# Adirondack Live Steamers Fall Meet



## Alan in Adirondacks (Jan 2, 2008)

The Adirondack Live Steamers Fall Meet was this past wekend. I was there on a very rainy Saturday and got to meet long-time NJLS member Dick Cudd for the first time. 

Here are some pictures and a patched-together video from Saturday. 

Dick firing his Accucraft S-12 on only its third outing: 





















I got a good 45 minute run with my AC-12, and then a second one that went well over an hour because the 1-1/2" crowd kept coming by and asking questions.... 











Here's the video. Note the question: "What's that?" Answer: "It's a cab forward." I guess not quite so many SP fans here on the east coast! 


http://www.youtube.com/watch?v=GmKLbl3Tv_c 


And some pictures of the 1-1/2" with the Dick Cudd built NYC Hudson in the steaming bay (he no longer owns it): 












And a K-4 for the Pennsy crowd: 












And for those B&A commuters: 












The rain kept the G1 attendance low, but there were a lot of the 1-1/2" scale onlookers! 

Best regards, 

Alan


----------



## Charles (Jan 2, 2008)

Alan 
Glad to see you out and about with some recreational time, enjoying the hobby. 

AC-12: questions extend running time; running time evoke more questions such a dilemma. 

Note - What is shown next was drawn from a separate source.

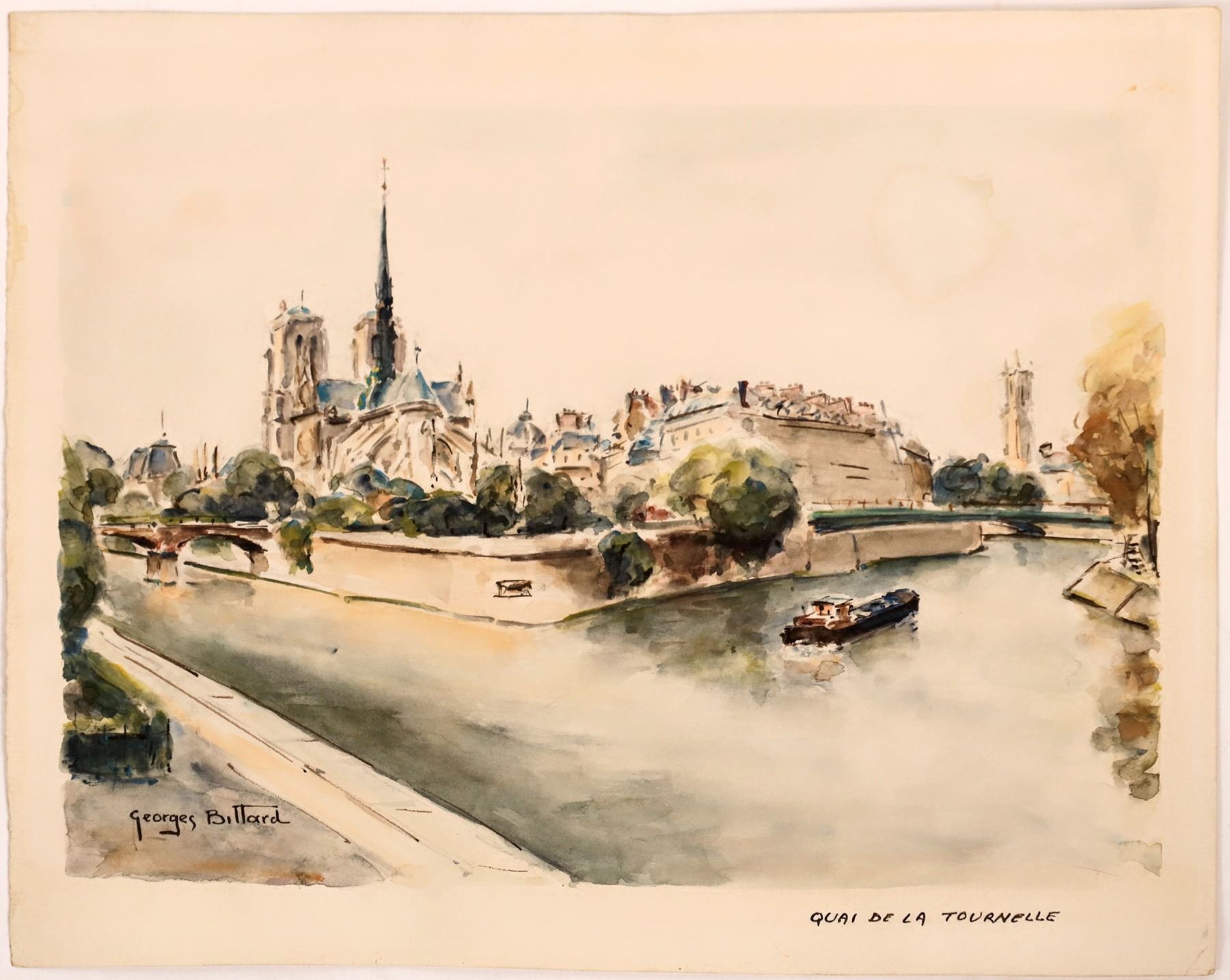 Original watercolor painting of Paris by Georges Bittard titled "Quai de la Tourelle." This watercolor depicts Notre Dame from a street across the Seine River. It is signed by the artist in the lower left corner. 11.5 x 9, good condition, some minimal water damage in the upper right corner. City: State: Date:

See you this coming weekend.


----------



## llynrice (Jan 2, 2008)

Hi Alan, 

Glad you were able to make it and run. I was there Friday to clean up an prepare the track and had planned to be there Saturday, but rain, a two hour drive and a cold conspired to keep me at home. Your cab forward looked great in the video. I understand that Dick Cudd allowed as how his S12 proved to be a whole lot easier to transport than his 1.5" Pacific which is currently down for a boiler repair. 

Llyn


----------